DIRECTIONS> Restate the data below word for word. Skip any images it contains.

EXERCISE DATA>
+ + + +

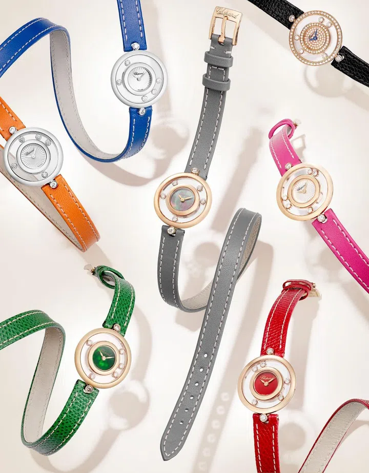 萧邦Chopard)Happy Diamonds系列珠宝腕表又推出全新灰色光滑nappa皮革表带,与表盘相得益彰,同时搭配金米色缝线。柔软纤长的表带环绕手腕两圈,以妙趣雅致的方式凸显腕表魅力。
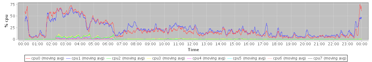 avg(cpu0) = 20.22 avg(cpu1) = 22.09 avg(cpu2) = 1.07 avg(cpu3) = 1.43 avg(cpu4) = 0.60 avg(cpu5) = 0.85 avg(cpu6) = 0.21 avg(cpu7) = 0.44
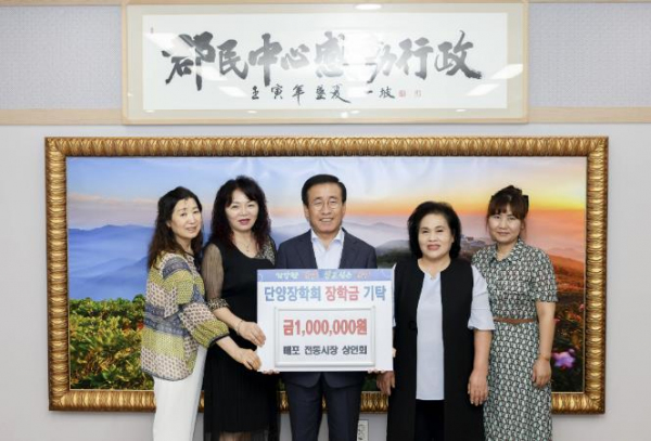 [대한민국교육신문] 매포전통시장상인회는 지난 8일 단양장학회에 장학금 100만 원을 기탁했다.
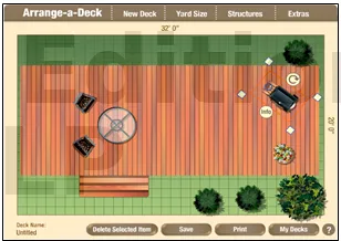 Une autre application, Arrange-a-deck, permet de simuler l’aménagement d’une terrasse. Ce logiciel affiche une vue d’en haut et permet de disposer des éléments d’aménagements prédéfinis, mobilier, accessoires, etc. C’est une bonne application pour commencer à se faire une idée d’un projet à ses débuts, mais il ne faut pas lui en demander plus.

+ + + +

YOUR RESPONSE>
 萧邦Chopard)Happy Diamonds系列珠宝腕表又推出全新灰色光滑nappa皮革表带,与表盘相得益彰,同时搭配金米色缝线。柔软纤长的表带环绕手腕两圈,以妙趣雅致的方式凸显腕表魅力。
 avg(cpu0) = 20.22 avg(cpu1) = 22.09 avg(cpu2) = 1.07 avg(cpu3) = 1.43 avg(cpu4) = 0.60 avg(cpu5) = 0.85 avg(cpu6) = 0.21 avg(cpu7) = 0.44
 [대한민국교육신문] 매포전통시장상인회는 지난 8일 단양장학회에 장학금 100만 원을 기탁했다.
 Une autre application, Arrange-a-deck, permet de simuler l’aménagement d’une terrasse. Ce logiciel affiche une vue d’en haut et permet de disposer des éléments d’aménagements prédéfinis, mobilier, accessoires, etc. C’est une bonne application pour commencer à se faire une idée d’un projet à ses débuts, mais il ne faut pas lui en demander plus.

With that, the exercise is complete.